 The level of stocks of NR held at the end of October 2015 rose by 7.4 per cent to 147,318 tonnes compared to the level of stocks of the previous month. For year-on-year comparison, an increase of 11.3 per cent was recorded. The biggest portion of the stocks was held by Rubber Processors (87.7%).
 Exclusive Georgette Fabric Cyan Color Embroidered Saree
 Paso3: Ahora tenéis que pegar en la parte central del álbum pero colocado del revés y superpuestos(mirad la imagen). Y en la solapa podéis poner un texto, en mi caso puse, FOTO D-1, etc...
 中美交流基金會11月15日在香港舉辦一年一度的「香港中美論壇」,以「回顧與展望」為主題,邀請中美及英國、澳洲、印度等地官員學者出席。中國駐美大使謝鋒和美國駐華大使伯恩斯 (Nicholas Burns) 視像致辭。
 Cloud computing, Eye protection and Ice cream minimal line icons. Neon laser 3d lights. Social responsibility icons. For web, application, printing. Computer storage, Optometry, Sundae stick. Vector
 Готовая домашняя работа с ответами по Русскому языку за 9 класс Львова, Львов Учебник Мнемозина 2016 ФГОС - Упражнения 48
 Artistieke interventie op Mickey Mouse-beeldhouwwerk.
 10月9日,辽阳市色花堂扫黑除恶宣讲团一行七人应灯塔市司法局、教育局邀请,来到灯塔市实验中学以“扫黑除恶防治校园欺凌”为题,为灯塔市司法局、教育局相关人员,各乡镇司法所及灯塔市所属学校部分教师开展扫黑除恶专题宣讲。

---

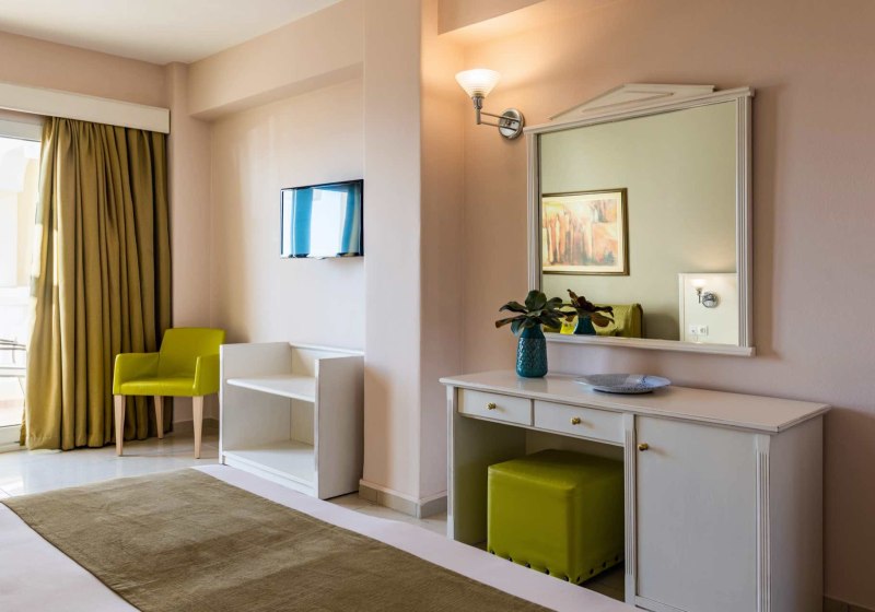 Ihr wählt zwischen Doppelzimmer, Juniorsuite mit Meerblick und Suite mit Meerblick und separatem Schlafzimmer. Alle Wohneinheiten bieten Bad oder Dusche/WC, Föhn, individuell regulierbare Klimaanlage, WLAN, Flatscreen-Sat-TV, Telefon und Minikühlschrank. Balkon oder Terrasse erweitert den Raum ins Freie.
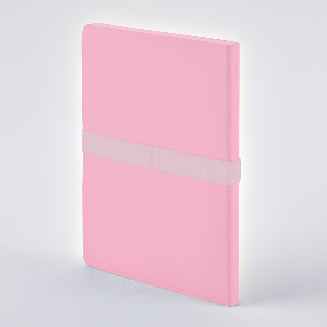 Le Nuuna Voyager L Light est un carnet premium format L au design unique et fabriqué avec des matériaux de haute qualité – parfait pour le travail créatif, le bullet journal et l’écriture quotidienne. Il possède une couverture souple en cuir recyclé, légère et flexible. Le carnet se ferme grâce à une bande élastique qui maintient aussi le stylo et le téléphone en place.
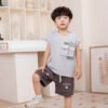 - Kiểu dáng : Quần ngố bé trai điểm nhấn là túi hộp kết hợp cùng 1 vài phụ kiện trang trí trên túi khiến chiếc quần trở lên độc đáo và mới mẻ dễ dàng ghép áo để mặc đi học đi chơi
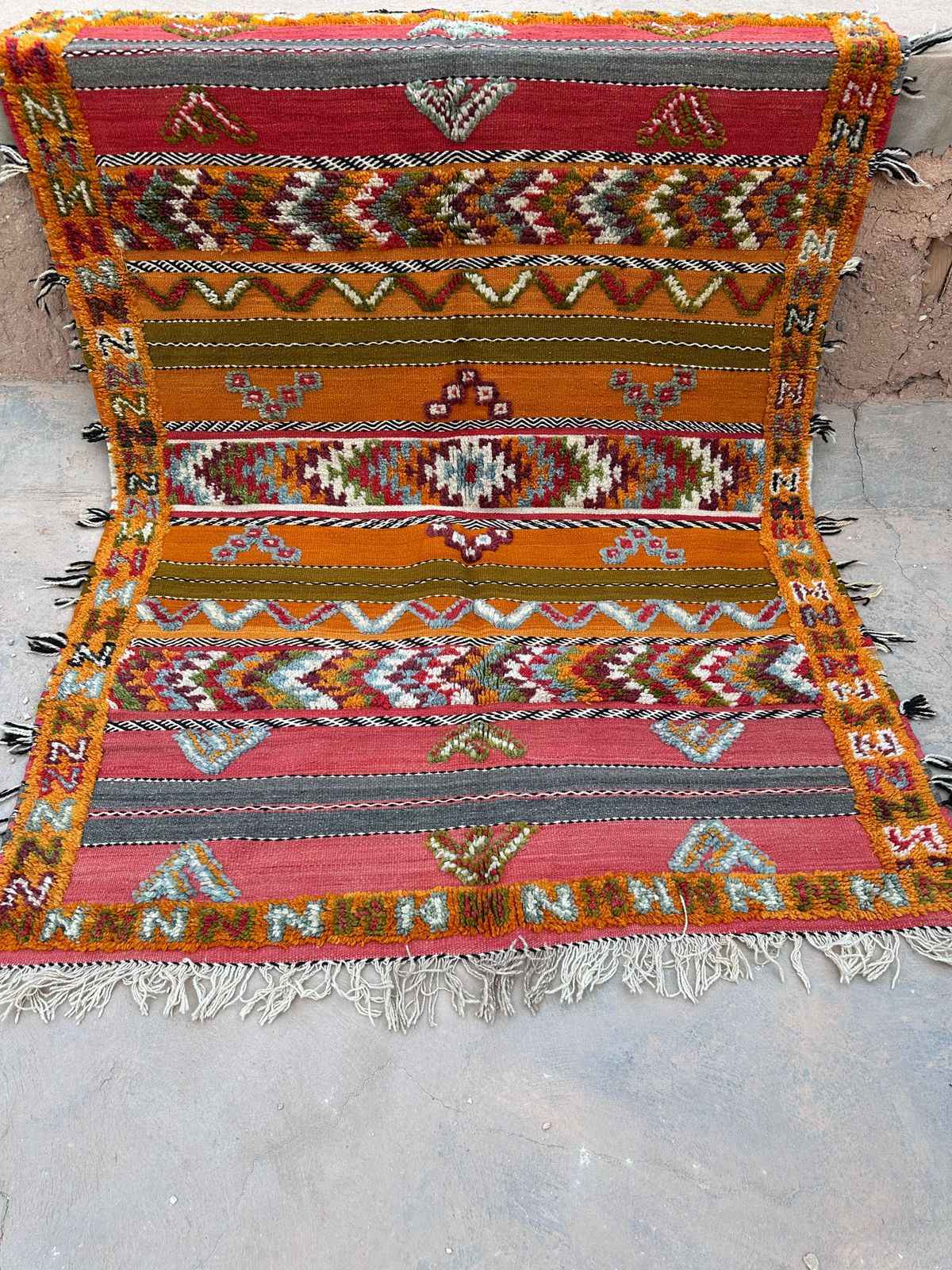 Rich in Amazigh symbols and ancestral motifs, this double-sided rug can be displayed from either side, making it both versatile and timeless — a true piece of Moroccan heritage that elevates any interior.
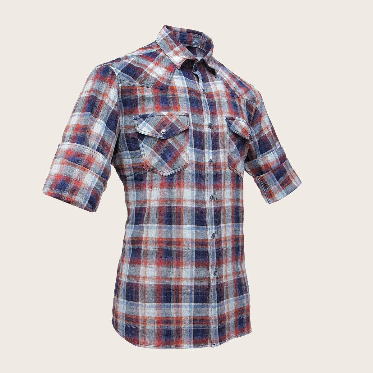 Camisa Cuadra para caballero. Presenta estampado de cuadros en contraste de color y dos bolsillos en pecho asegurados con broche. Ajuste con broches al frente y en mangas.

---

§ Directions: What are the lines above, starting at the one with "The level of stocks of NR" and ending at the one with "Exclusive Georgette Fabric"? Give them again exactly, and only them.

§ Response to this task:
 The level of stocks of NR held at the end of October 2015 rose by 7.4 per cent to 147,318 tonnes compared to the level of stocks of the previous month. For year-on-year comparison, an increase of 11.3 per cent was recorded. The biggest portion of the stocks was held by Rubber Processors (87.7%).
 Exclusive Georgette Fabric Cyan Color Embroidered Saree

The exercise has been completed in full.